BEGIN
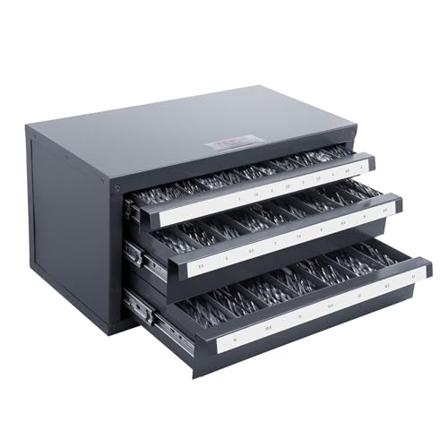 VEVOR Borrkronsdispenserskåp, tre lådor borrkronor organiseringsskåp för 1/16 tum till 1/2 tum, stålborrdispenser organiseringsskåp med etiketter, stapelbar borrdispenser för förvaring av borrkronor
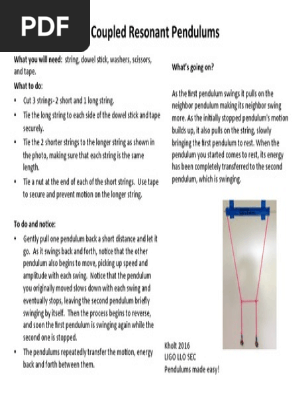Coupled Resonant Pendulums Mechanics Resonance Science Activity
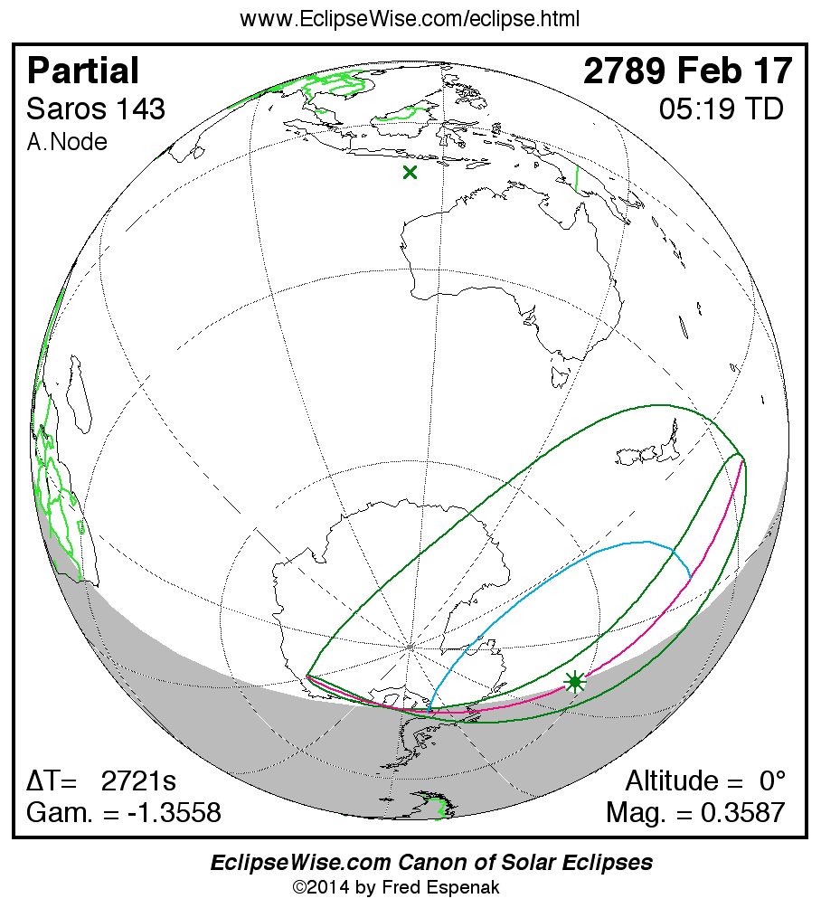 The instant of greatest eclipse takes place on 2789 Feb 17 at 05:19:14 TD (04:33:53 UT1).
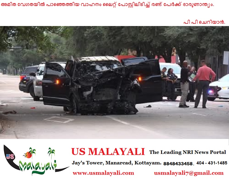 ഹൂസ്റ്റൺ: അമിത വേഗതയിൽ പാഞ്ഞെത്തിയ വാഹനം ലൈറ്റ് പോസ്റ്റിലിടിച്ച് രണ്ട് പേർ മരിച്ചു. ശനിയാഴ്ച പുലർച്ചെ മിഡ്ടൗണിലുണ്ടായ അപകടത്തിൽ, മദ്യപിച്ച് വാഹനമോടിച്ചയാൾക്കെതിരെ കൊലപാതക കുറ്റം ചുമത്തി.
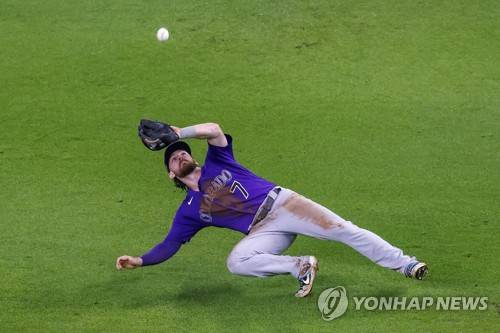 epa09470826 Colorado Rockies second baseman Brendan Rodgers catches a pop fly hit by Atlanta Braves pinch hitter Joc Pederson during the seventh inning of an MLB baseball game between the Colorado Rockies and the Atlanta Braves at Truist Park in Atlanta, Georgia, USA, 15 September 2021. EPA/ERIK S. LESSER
END
- ACTIVITY -
Please repeat, exactly and with nothing else, the lines from the one containing "The instant of" to the last line of the entries, both included, excluding any pictures.

- TASK RESPONSE -
 The instant of greatest eclipse takes place on 2789 Feb 17 at 05:19:14 TD (04:33:53 UT1).
 ഹൂസ്റ്റൺ: അമിത വേഗതയിൽ പാഞ്ഞെത്തിയ വാഹനം ലൈറ്റ് പോസ്റ്റിലിടിച്ച് രണ്ട് പേർ മരിച്ചു. ശനിയാഴ്ച പുലർച്ചെ മിഡ്ടൗണിലുണ്ടായ അപകടത്തിൽ, മദ്യപിച്ച് വാഹനമോടിച്ചയാൾക്കെതിരെ കൊലപാതക കുറ്റം ചുമത്തി.
 epa09470826 Colorado Rockies second baseman Brendan Rodgers catches a pop fly hit by Atlanta Braves pinch hitter Joc Pederson during the seventh inning of an MLB baseball game between the Colorado Rockies and the Atlanta Braves at Truist Park in Atlanta, Georgia, USA, 15 September 2021. EPA/ERIK S. LESSER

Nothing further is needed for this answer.